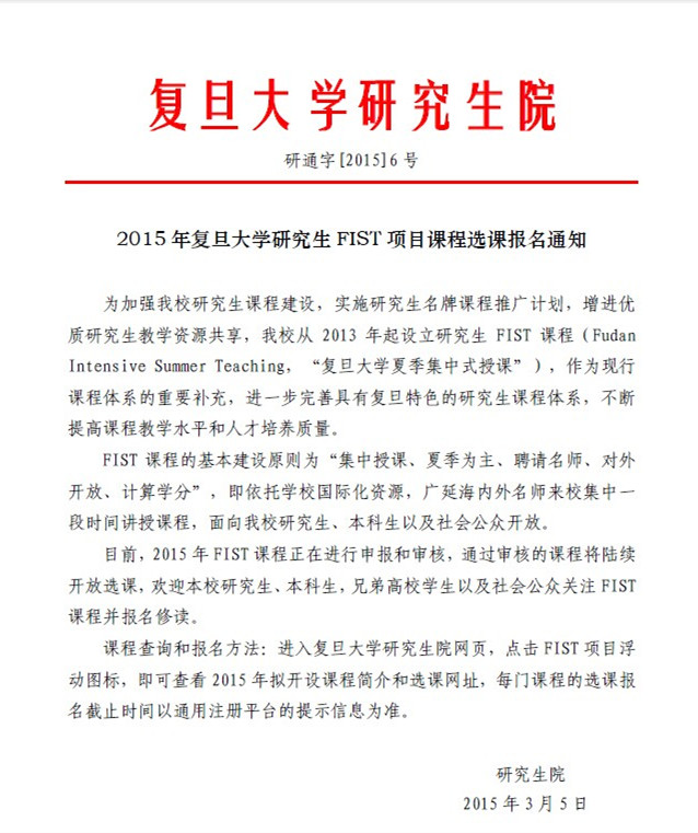 2015年复旦大学研究生FIST项目课程选课报名通知
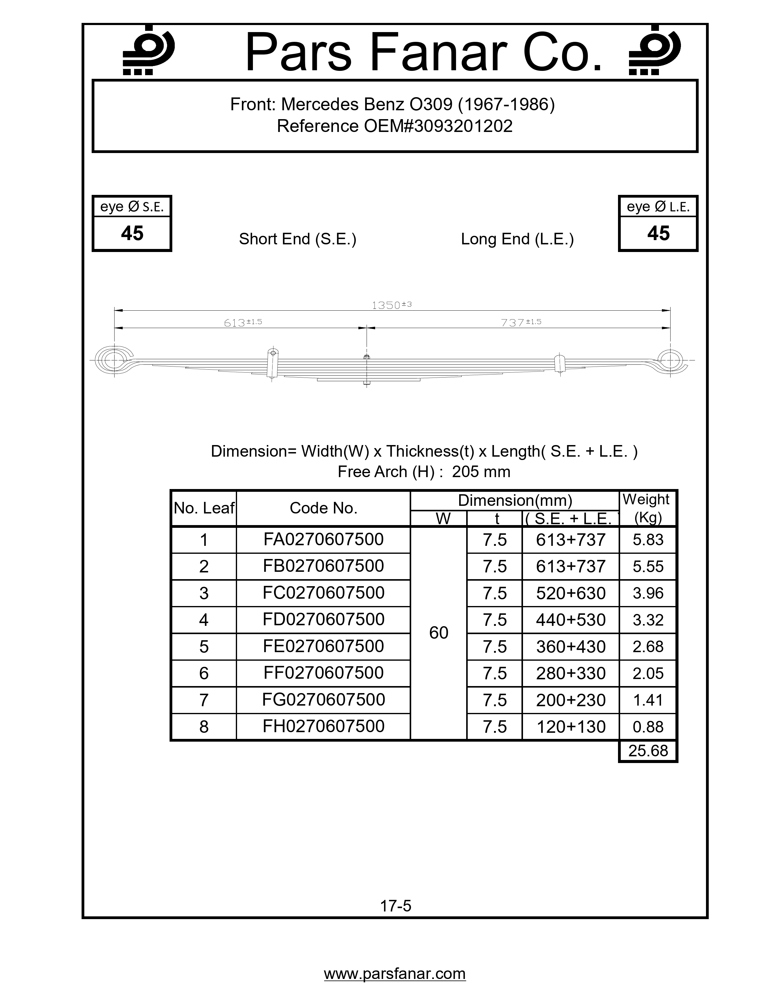 دست فنر چرخ جلو Mercedes Benz O309
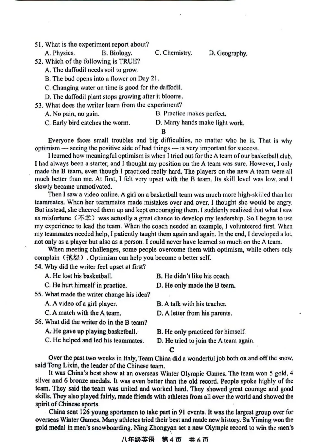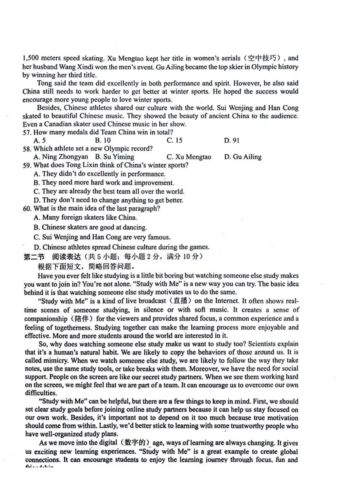 2026年许昌市中招一模英语试卷及答案(附带听力)
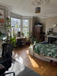 This room is a one-of-a-kind, massive double with 2 huge windows, a fireplace and gorgeous Victorian design features. The room is on the first floor of a big house with the following features:
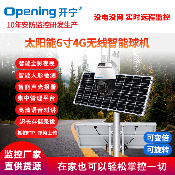 采用开宁6寸4G无线智能变焦球机+开宁太阳能供电系统(含太阳能板和电池,有不同的规格选择)组成太阳能4G监控系统;监控专用高清自动变焦镜头,4g无线小球水平旋转:0°~360°,垂直旋转:0°~90°;7颗高效能点阵红外灯,3颗远距离激光灯,红外夜视距离可达150米;6寸20倍变焦球机,水平360°连续旋转,无监视盲区;支持预置位和巡航;移动侦测报警 Email报警,FTP图片上传,手机推送;高清保真拾音器及高清晰喇叭,可语音对讲;
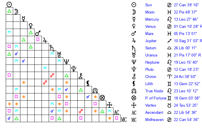 | Pluto | 12 Cancer 18 | 2 Aquarius 41 | 13 Cancer 30 |
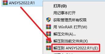 1.选中下载的压缩包,然后右键选择解压到”ANSYS2022.R1
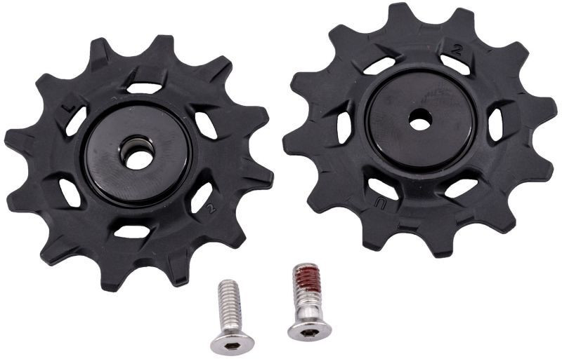 Kladky pro přehazovačku RIVAL XPLR ETAP AXS, ocelová pochormova CROME STEEL BEARING (INCLUDES 12T UPPER AND 12T LOWER PULLEYS, 12.9MM AND 12.5MM STEEL PULLEY SCREWS)
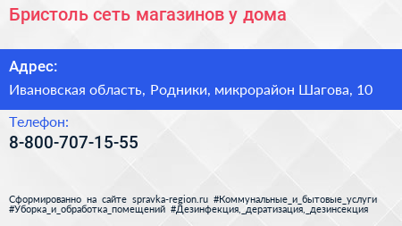 Бристоль, сеть магазинов у дома по адресу Ивановская область, Родники, микрорайон Шагова, 10 в дальнейшем Организация, размещена в следующих категориях:
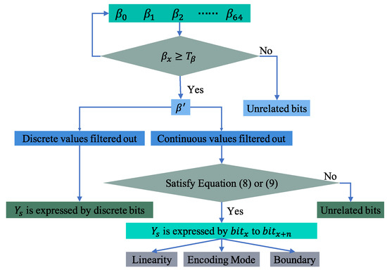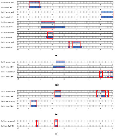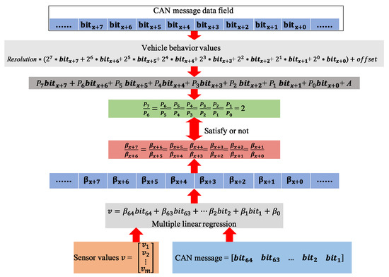 In this stage, the specific details of how the data fields of candidate CAN messages describe the behavior of the vehicle are determined by analyzing the regression coefficient . As shown in Figure 8, the flow of the bit-level reverse for the candidate messages proceeds as follows.
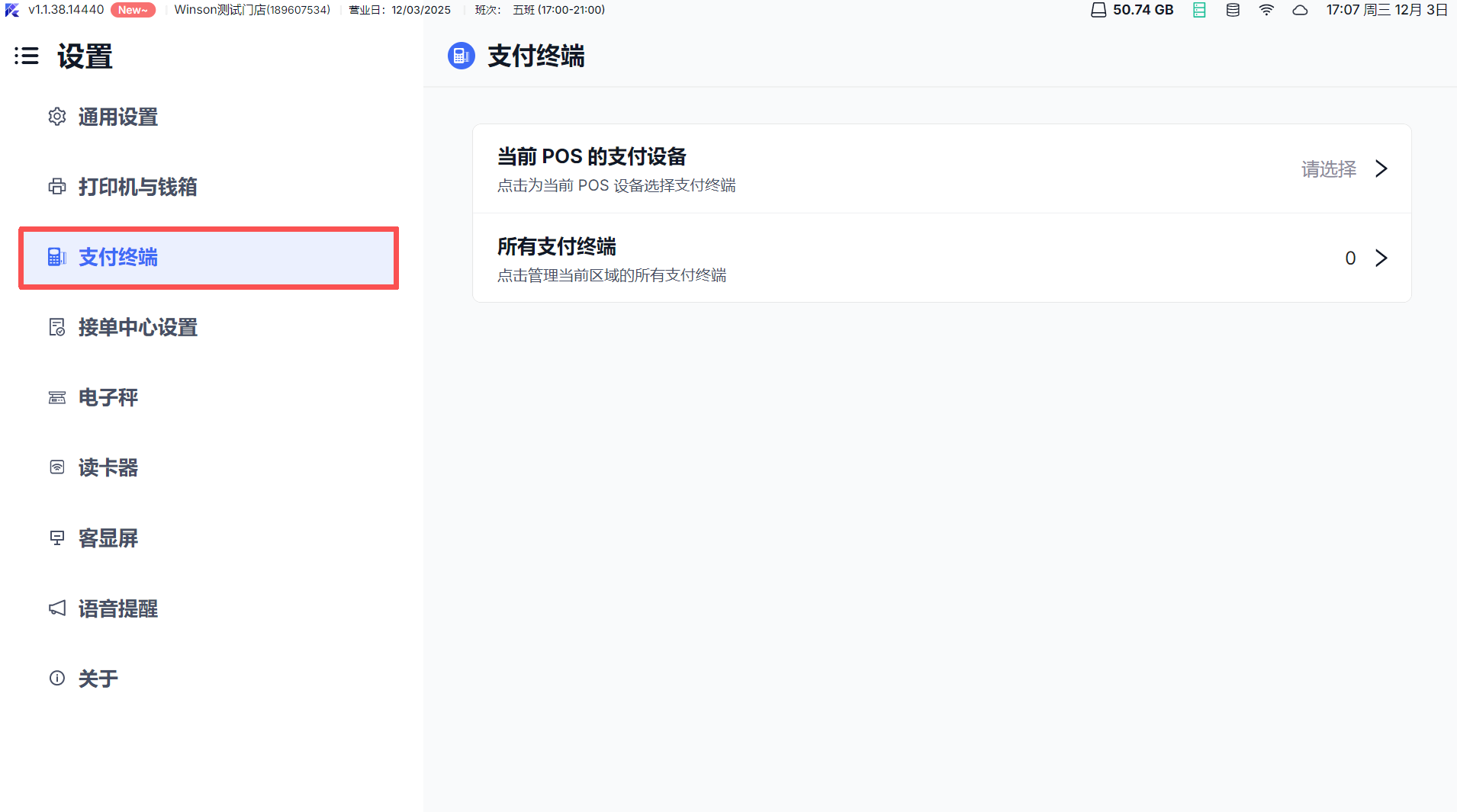 - 页面默认展示「本 POS 使用的支付终端」选择项,及「所有支付终端」管理入口。

- _Your goal_
Your copy should hold only the lines running from the one that contains "In this stage, the" through the final line of the data; transcribe them exactly, both ends included, and leave pictures out.

- _Response to the task_
 In this stage, the specific details of how the data fields of candidate CAN messages describe the behavior of the vehicle are determined by analyzing the regression coefficient . As shown in Figure 8, the flow of the bit-level reverse for the candidate messages proceeds as follows.
 - 页面默认展示「本 POS 使用的支付终端」选择项,及「所有支付终端」管理入口。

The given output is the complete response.